HttpServer/Default: Serves most HTTP requests. If this gets backed up Seeq will feel sluggish because requests that should return quickly and getting queued. While it is expected that some pools, such as Jobs and LongRunning, will fill up during times of heavy usage it is expected that this one always remains low.
HttpServer/AuthValidate: Deals with requests to the endpoint responsible for validating auth and CSRF tokens.
HttpServer/Request: Holds the tasks that are related to observing and cancelling HTTP requests. These requests are fast and are critical to ensure that abandoned requests are cancelled.
HttpServer/ODataExport: Processes OData data set requests. Request registering and metadata documents are handled by the HttpServer/ODataInitialization thread pool.
HttpServer/Indexing: Handles all metadata sync related requests, such as writing signals or conditions or archiving stale items.
HttpServer/ODataInitialization: Registers OData requests and handles OData metadata documents. Actual OData processing is done by the HttpServer/ODataExport thread pool.
HttpServer/LongRunning: Used for API requests that are expected to take a long time to finish, i.e. fetching data for signals or running formulas that generate signals, conditions, and scalars. If this is backed up trend data and topic content will take longer to load.
Jobs/User: Serves requests that fire off jobs related to user needs, such as updating a live screenshot in an Organizer Topic. These are the threads that actually fetch the image content, whereas threads in HttpServer/Jobs invoke the threads in this pool.
Monitors
Seeq collects numerous internal metrics. These are recorded in the "<data folder>/appserver/log/monitors" folder and can be imported into a local Seeq install by copying that folder into "<data folder>/mydata/file-folders/monitors/" directory. Examples of monitors that are often useful in troubleshooting performance:
CPU - Compare CPU usage of the whole system, appserver, or Screenshots (used for taking Topic screenshots)
Memory/Permitter - This is the system that keeps track of the memory needed to request samples from datasources. See if the system is being starved for memory due to large amounts of data being requested.

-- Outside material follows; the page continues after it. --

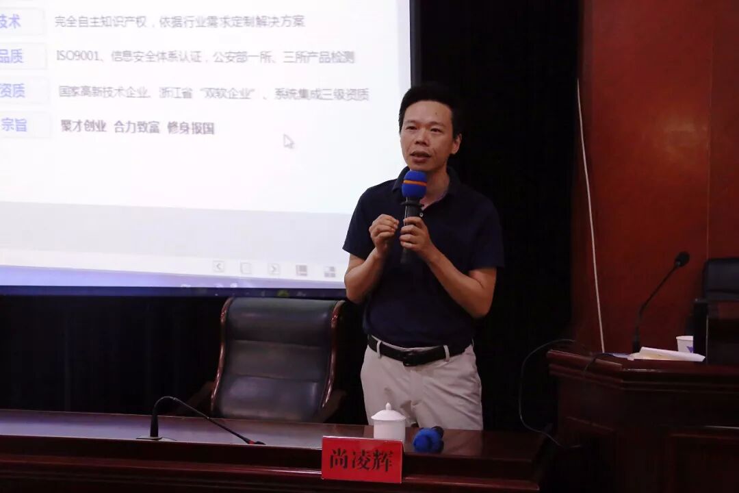 杭州市温州商会副会长、捷尚股份有限公司董事长尚凌辉介绍了“2020工程”建设方案。捷尚(证券代码:832325)是做视频分析技术研究与产品开发的高新技术企业,目前视频大数据与公共安全这一领域是一片蓝海,尚会长欢迎各地温商一起合作。

Samples.Meter - See how many samples are being requested by Seeq from different datasources
RX/Messages.Timer.P98 - Examine the speed of a datasource. Often useful in conjunction with Samples.Meter, this shows the average time it takes for 98% of requests by the datasource to receive the data.
Some rough benchmarks to keep in mind: Seeq's datasource cache can do 30 million samples/s, PI, running optimally, can do 1 million samples/s, we see decent performance at 100k samples/s.
LongRunning/Running.Counter and LongRunning/Queued.Counter - Can help diagnose if running formulas are backing up the system. If the Queued counter is above zero then the system is having to place requests on hold while others finish.
LongRunning/Running.Timer.P98 and LongRunning/Queued.Timer.P98 - Used in conjunction with the counters, it shows the average time formulas are taking to run and how long they waiting to run.
Jobs.ScreenshotCapture - See how long screenshots are taking to finish, how many are being completed, and how many are Misfired. A misfire means that the system cannot generate the screenshots fast enough and so is delaying some screenshot jobs. If the misfire count is ever-increasing it means the system cannot keep up with the screenshots being generated by live docs.
Log Files
Log files can have a lot of noise which is why the graphical monitor data is often more useful, but they can also be useful. The following files are helpful for performance troubleshooting:
appserver-requests.log - Every five seconds this logs any requests that are taking longer than 5 seconds. Additionally, it logs the full formula hierarchy for long-running requests. This can be very useful for seeing if a formula is deeply nested, has a large max interpolation, etc.
jvm-link.log and net-link.log - All datasource requests will be logged in one of these. It can show how long an individual request for samples took and how many samples were returned during that time.